Full details are in 'Windows Internals, Fourth Edition' by Mark Russinovich and David Solomon, which I recommend to any programmer. If abstractions leak, you'd best understand the leaks.

Windows hasn't had the concept of 'yield' since Windows 3.1. 16-bit applications do still act this way with each other on Windows NT-family systems but the whole 16-bit environment is pre-emptable against 32-bit applications.

The main problems are threads which poll rather than blocking, and applications which are thread-happy. Polling is brain-dead. The operating system offers numerous ways to wait for changes to occur, and they should be used. Polling wastes laptop batteries, because the CPU cannot be put into a low power state, and often causes disks to be kept spinning because the polling thread's code and data may be pulled back into memory if trimmed from the working set.

A thread-happy application is one which creates, and keeps runnable, more threads than can be actually serviced by the system's processors. The system spends its time thrashing the processor's cache rather than doing useful work. Put one of these at high priority and suddenly very little else will get done.

Coleman: the difference is that other threads actually do get CPU time if the badly-behaved thread is at normal priority. You don't see it because the well-behaved threads have normally woken up, done their work, and gone back to sleep again before their time slice has elapsed, and are therefore using far less than 1% of the CPU time. Process Explorer from www.sysinternals.com can show fractional CPU. It can also show the Context Switch Delta, the number of times this thread was switched to - some threads are doing such tiny amounts of work that they don't even get credited with any CPU time by the thread time accounting.

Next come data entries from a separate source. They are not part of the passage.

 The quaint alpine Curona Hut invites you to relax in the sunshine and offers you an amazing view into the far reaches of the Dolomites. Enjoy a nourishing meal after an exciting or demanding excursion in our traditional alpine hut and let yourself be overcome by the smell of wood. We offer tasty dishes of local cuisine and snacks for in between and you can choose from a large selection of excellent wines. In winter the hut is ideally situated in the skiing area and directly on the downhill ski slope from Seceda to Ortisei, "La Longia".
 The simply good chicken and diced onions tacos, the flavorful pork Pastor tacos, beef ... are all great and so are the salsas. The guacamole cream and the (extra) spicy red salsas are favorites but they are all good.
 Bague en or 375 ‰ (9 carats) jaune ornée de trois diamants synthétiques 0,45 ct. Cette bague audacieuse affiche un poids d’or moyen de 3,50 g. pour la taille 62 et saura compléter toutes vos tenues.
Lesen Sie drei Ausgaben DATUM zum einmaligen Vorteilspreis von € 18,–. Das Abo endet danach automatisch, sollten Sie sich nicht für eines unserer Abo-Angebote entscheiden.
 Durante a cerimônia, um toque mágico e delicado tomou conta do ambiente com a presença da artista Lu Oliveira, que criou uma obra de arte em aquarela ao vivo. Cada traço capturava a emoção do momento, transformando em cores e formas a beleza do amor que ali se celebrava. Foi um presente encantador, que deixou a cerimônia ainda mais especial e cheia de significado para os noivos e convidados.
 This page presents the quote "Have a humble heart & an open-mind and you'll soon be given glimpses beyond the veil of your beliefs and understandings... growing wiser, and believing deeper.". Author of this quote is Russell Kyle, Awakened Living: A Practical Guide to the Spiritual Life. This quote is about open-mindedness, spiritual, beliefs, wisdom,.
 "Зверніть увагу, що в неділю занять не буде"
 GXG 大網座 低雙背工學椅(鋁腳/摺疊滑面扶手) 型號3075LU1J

If the badly-behaved thread is at high priority and the other runnable threads are at normal priority, at the end of every quantum for the badly-behaved thread, the scheduler will look at the priority queues, see that there's no other thread at this priority level and just run the badly-behaved thread again. This is what it's designed to do. It's only when the balance set manager thread boosts the priority of the starved thread that the starved thread will get to run, and it will only get up to one quantum (about 270ms with XP's default settings for the foreground application, 90ms for a background application or a special quantum of 4 ticks = 60ms on Windows Server 2003) before its dynamic priority drops back down and the badly-behaved thread gets full control again.

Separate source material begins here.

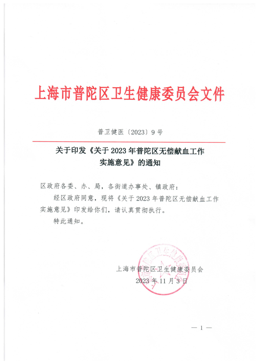 关于印发《关于2023年普陀区无偿献血工作实施意见》的通知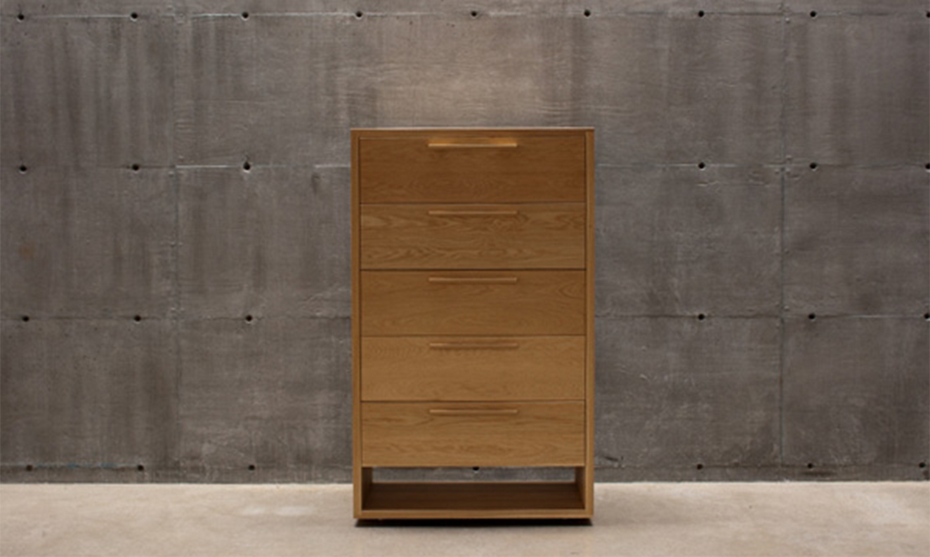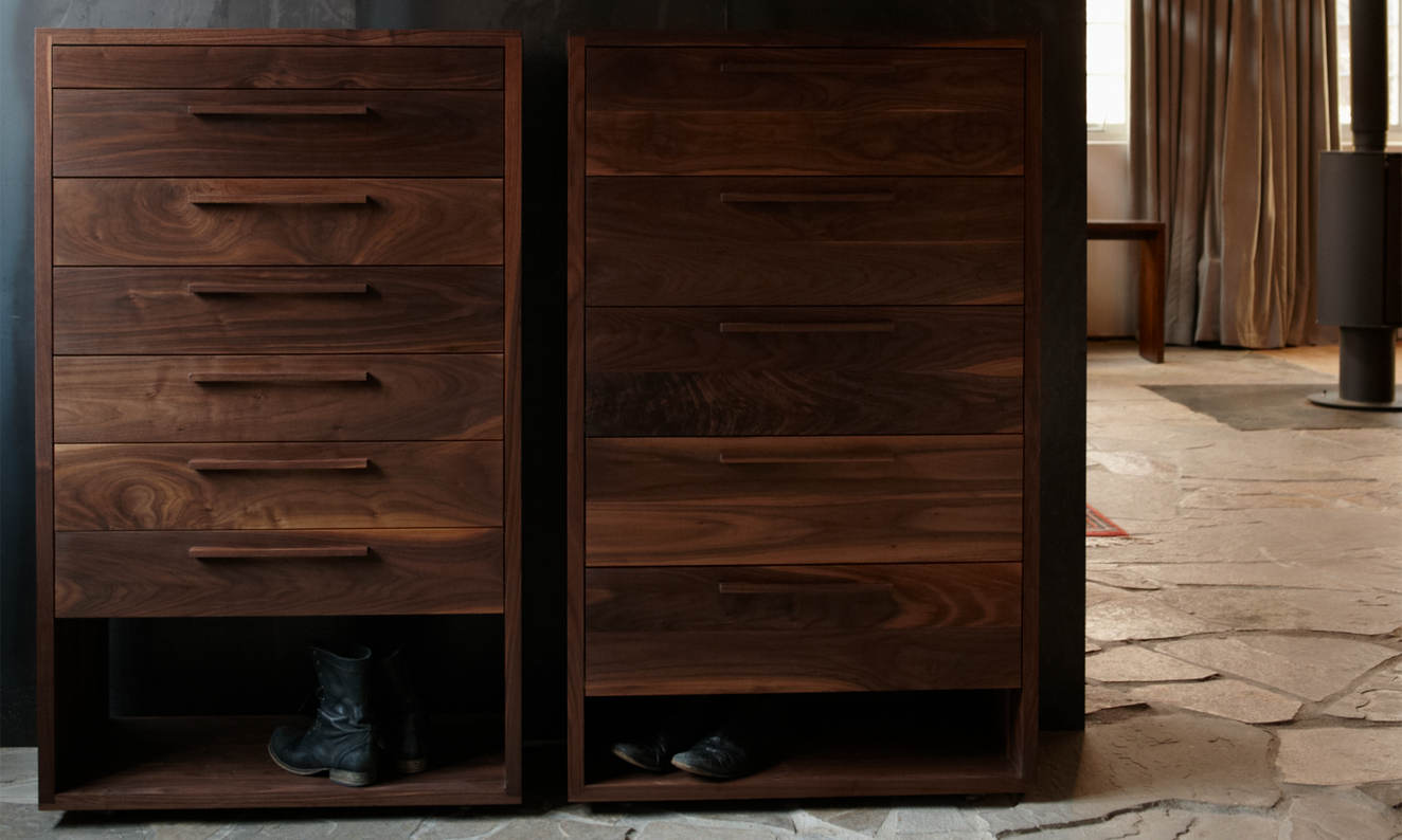 S107 est une grande commode en bois avec cinq tiroirs en érable massif à queue d'aronde et un espace de rangement ouvert à la base. Compacte sans sacrifier le rangement, cette commode est parfaite pour les petits espaces. Nous recommandons de la fixer au mur.

The scheduler _is_ doing its job. Its job is to run higher priority threads until they block. If the threads don't block, that's a programming error. Unfortunately developers have a tendency to use all the resources of the system for their task, not considering that it may not be the most important task for the user at that time.

A spinlock is meant to spin for a _short_ time. If it spins for as long as a timer tick (15ms) it's spinning too long and should have blocked.

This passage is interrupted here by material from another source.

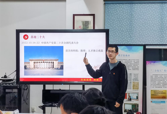活动前,2012班班委已将班级前两年的集体成果与每位同学的个人简历制作成册,会上每位同学人手一本《2012班大三阶段简历册》。班长梁婧妤首先介绍班级简历,开启了班会的序章。梁婧妤带大家共同回顾两年多来班级一起走过的历程——班级组成、集体荣誉、班委更替、各次班会以及团日活动等。接着,预备党员、2020级党员先锋队队长赵卓伟以“贵师重傅,科教兴邦”为主题宣讲党的二十大精神,他从教育、人才、科技创新方面入手,紧密结合未来教育工作者的身份,深入阐述自己的思考。

A thread doesn't just block when Sleep or the WaitFor{Single,Multiple}Object{s} family are called. It also blocks when GetMessage is called (PeekMessage does not block and should be avoided where possible). Never use Application.DoEvents - that's a polling function (it calls PeekMessage) and can cause re-entrancy problems as well. Blocking also occurs whenever disk accesses are needed to satisfy a request, either explicitly using ReadFile (or anything on top of that, e.g. fgets, fscanf, StreamReader), or implicitly when paging code or data from the executable or the page file, or from a memory-mapped file.

If you genuinely have a compute-bound operation whose code and data fits in a small area of memory, then there's no need to yield as long as you leave the priorities alone - the scheduler will pick another thread at the same priority to run (the one which ran least recently) when your thread's quantum elapses, if there is a runnable thread. High priorities are for responsiveness where the OS dynamic boosts are not sufficient. I can't honestly think of a reason to use this.

If you find any operation where you're polling a value and the API doesn't offer a blocking version (or a version that signals a synchronisation object), complain to the maker of the API.